▶ **GIVEN DATA**:
◇ ◇ ◇ ◇
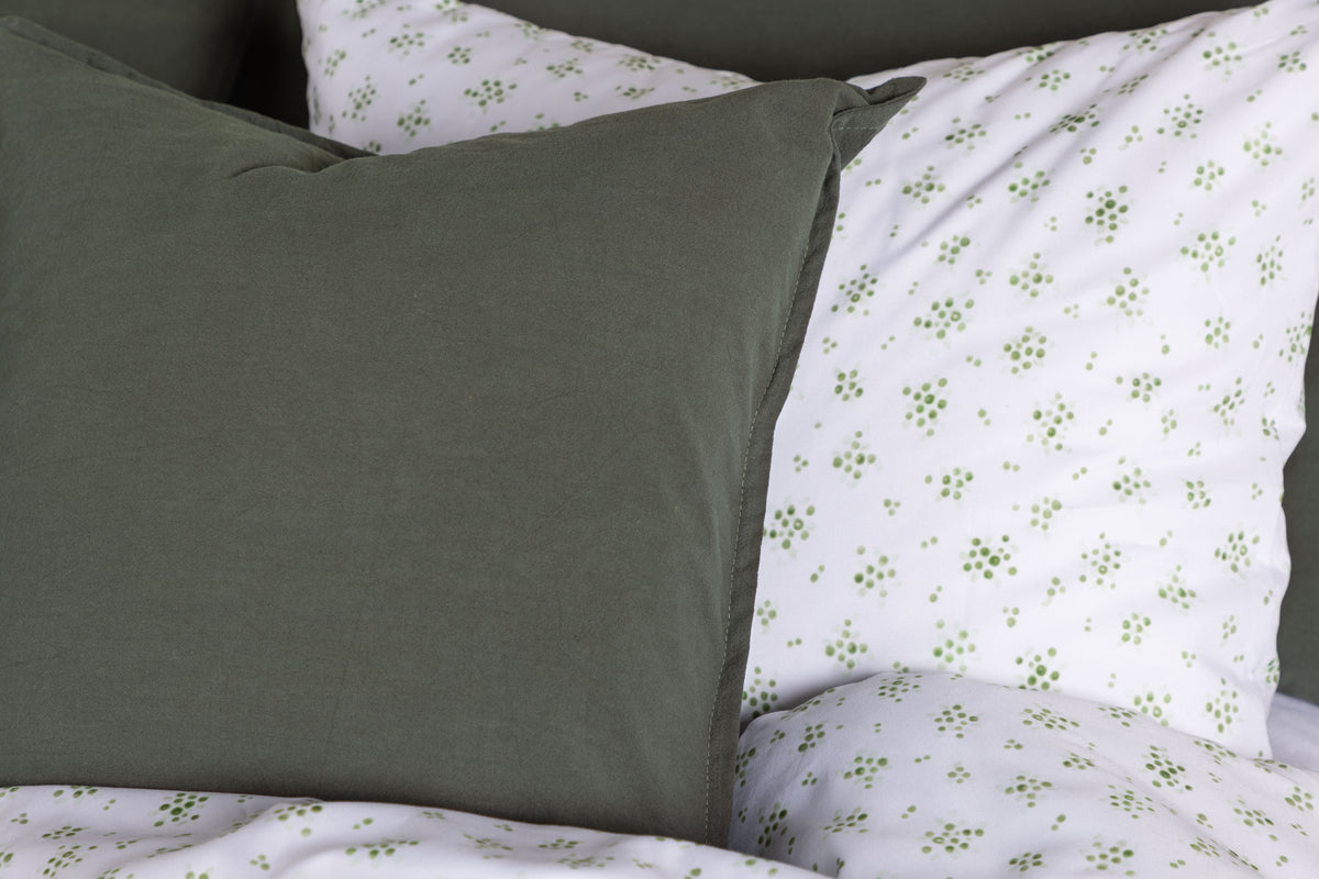 Värm upp atmosfären i rummet med trivsamma kuddar i en skogsnära grön kulör och följsamt bomullstyg! Serien Ronja erbjuder kuddfodral i flera olika kulörer och storlekar som är enkla att både variera och kombinera med andra kuddfodral. Kuddfodralet har en diskret dragkedja på baksidan och en passpoalkant i samma tyg. Följ våra skötselråd så kan du enkelt ta hand om eventuella fläckar för att få en kudde som står sig över tid!
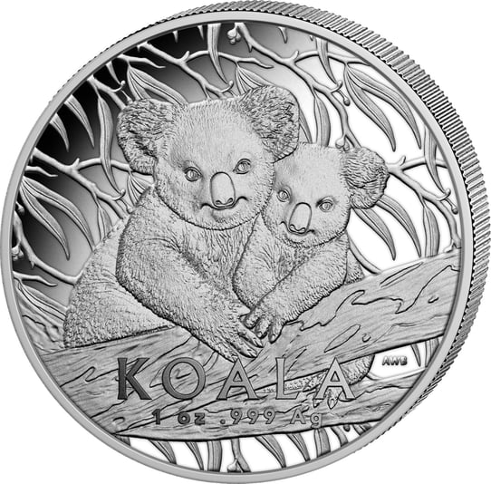 Meisterhafte High Relief Prägung: Die beeindruckende Tiefenwirkung und höchste Prägequalität Polierte Platte verleihen dem Koala-Motiv eine faszinierende dreidimensionale Brillanz
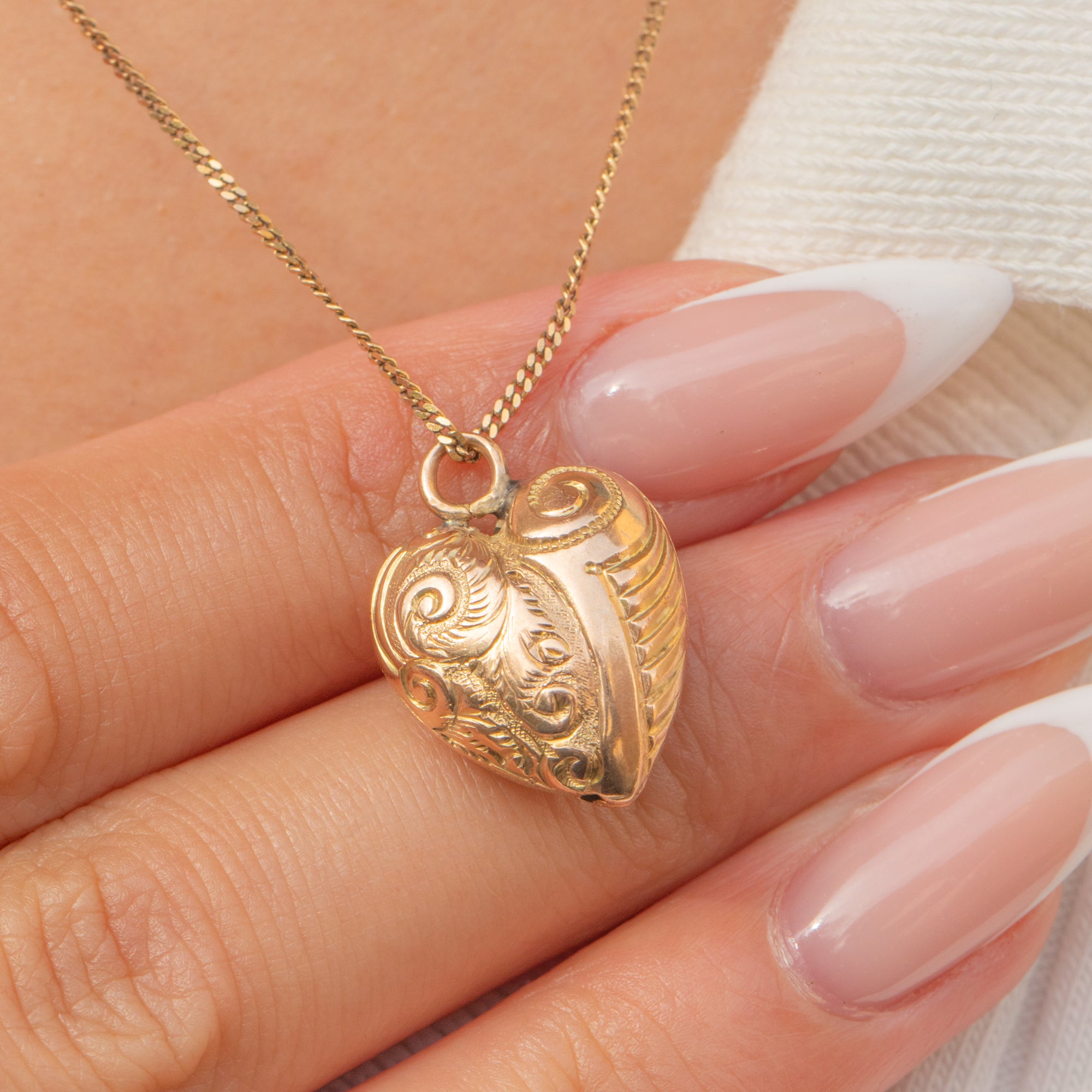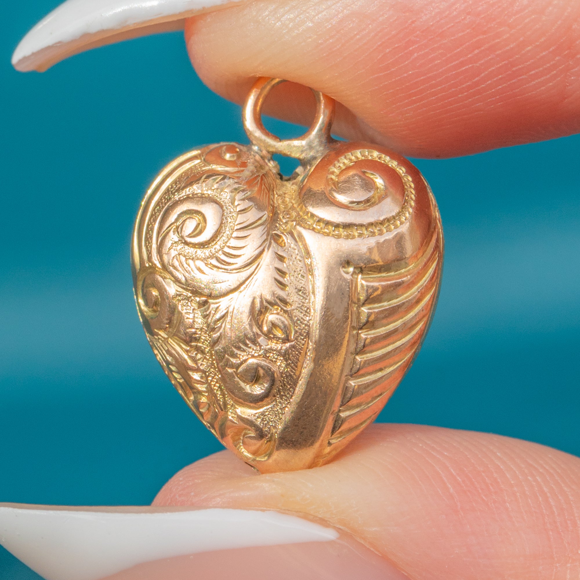 A charming Victorian puffy heart pendant crafted in 9ct Gold, decorated with delicate repousse detail. Lightly domed on both sides, the pendant has a soft, romantic look with a lovely antique glow. A classic symbol of love, this is a timeless piece perfect for wearing alone or layered with other antique charms and pendants.
◇ ◇ ◇ ◇
▶ **WHAT IS NEEDED**: Repeat the material line for line. Pictures stay out of the copy.

▶ **SOLUTION TO THIS TASK**:
 Värm upp atmosfären i rummet med trivsamma kuddar i en skogsnära grön kulör och följsamt bomullstyg! Serien Ronja erbjuder kuddfodral i flera olika kulörer och storlekar som är enkla att både variera och kombinera med andra kuddfodral. Kuddfodralet har en diskret dragkedja på baksidan och en passpoalkant i samma tyg. Följ våra skötselråd så kan du enkelt ta hand om eventuella fläckar för att få en kudde som står sig över tid!
 Meisterhafte High Relief Prägung: Die beeindruckende Tiefenwirkung und höchste Prägequalität Polierte Platte verleihen dem Koala-Motiv eine faszinierende dreidimensionale Brillanz
 A charming Victorian puffy heart pendant crafted in 9ct Gold, decorated with delicate repousse detail. Lightly domed on both sides, the pendant has a soft, romantic look with a lovely antique glow. A classic symbol of love, this is a timeless piece perfect for wearing alone or layered with other antique charms and pendants.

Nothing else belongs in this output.